Vor meinem Fenster schreit nur noch ein Kind: „BINO!“ Schreit das Mädchen. Oder vielleicht ist es auch ein Junge. Zu kindisch spitz ist die Stimme, um wirklich eine Unterscheidung fällen zu können. Wenigstens ich kann es nicht. „BIIIIIIINO!“ „Biiiiiiiiiinooooooooooo!“  Bino ist wohl ein Tier. Eine Katze, sicherlich. Ein Hund ist blöd genug, der hätte reagiert. Es klingt ein wenig traurig, wie ein Sirenen-Ruf aus einem Märchen, nach Walt Disney. Nach Feivel der Mauswanderer.

„Biiiiiiiinoooo!“

Die Stille vor dem nächsten Ruf.

Wieso versteht das Kind nicht, dass die Katze nicht zu ihr kommen will? Wahrscheinlich sitzt oder liegt Bino da sogar irgendwo, außer Reich-, doch in Sichtweite des Kindes, und zuckt nicht mal mit den Schnurrhaaren wegen den Aufmerksamkeitsversuchen des Kindes. „Bi-NO!“ Da kommt ja richtig Musik hinein.

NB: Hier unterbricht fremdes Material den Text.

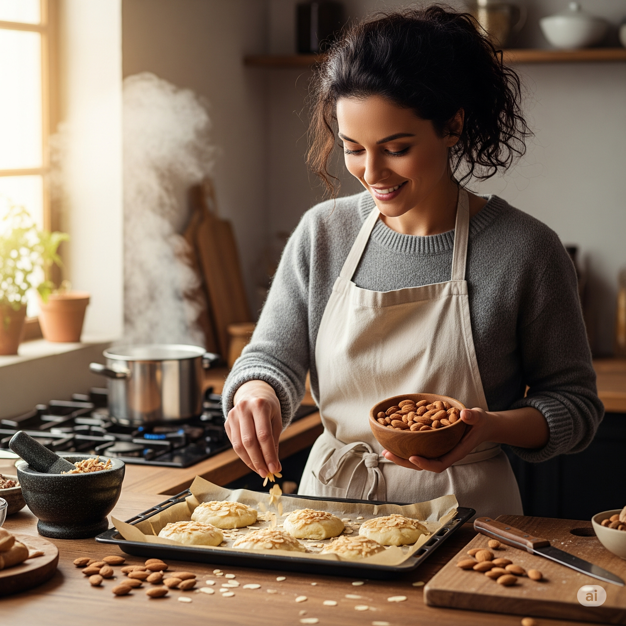 - 샐러드나 수프 토핑으로: 마른 팬에 살짝 구운 통아몬드나 슬라이스 아몬드를 샐러드, 수프, 머핀, 빵 위에 뿌리면 식감과 풍미를 더할 수 있습니다.

Und dann ist es mir klar. Wird mir das Offensichtliche verständlich. Das Kind kann es gar nicht besser wissen, woher denn auch? Den ganzen Tag wird das Kind von der Mutter genauso gerufen. Da hat der/die Kleine es her. Da wurde es angelernt: Mama war´s. Weitergegeben von Mutter zu Kind, die es irgendwann einmal ihrem Kind weitergibt. Und so weiter. Über Generationen hinweg. Das Traurige an der Situation ist nur, dass dieses ganze Geschrei, dieses ganze Gebrüll überhaupt nichts bringt. Da können sich Kinder und Mütter die Kehlen wundbrüllen: Da reagiert keiner. Erst wenn der Brüllende aktiv wird, auf das Kind oder die Katzw zu springt, kommt Realität in die Bude. So lange könnt ihr brüllen wie ihr wollte. Und das machen sie auch. Sie brüllen und rufen und gestikulieren, wie sie es schon seit Jahrhunderten machen. Dabei rufen sie nicht einander Worte zu, sondern Befehle aneinander vorbei. Konditioniert darauf zu brüllen und gleichzeitig nicht zuzuhören.

Ich schaue aus dem Fenster und gucke, ob da nicht auch gleich Tränengas abgeschossen wird. Leider nein.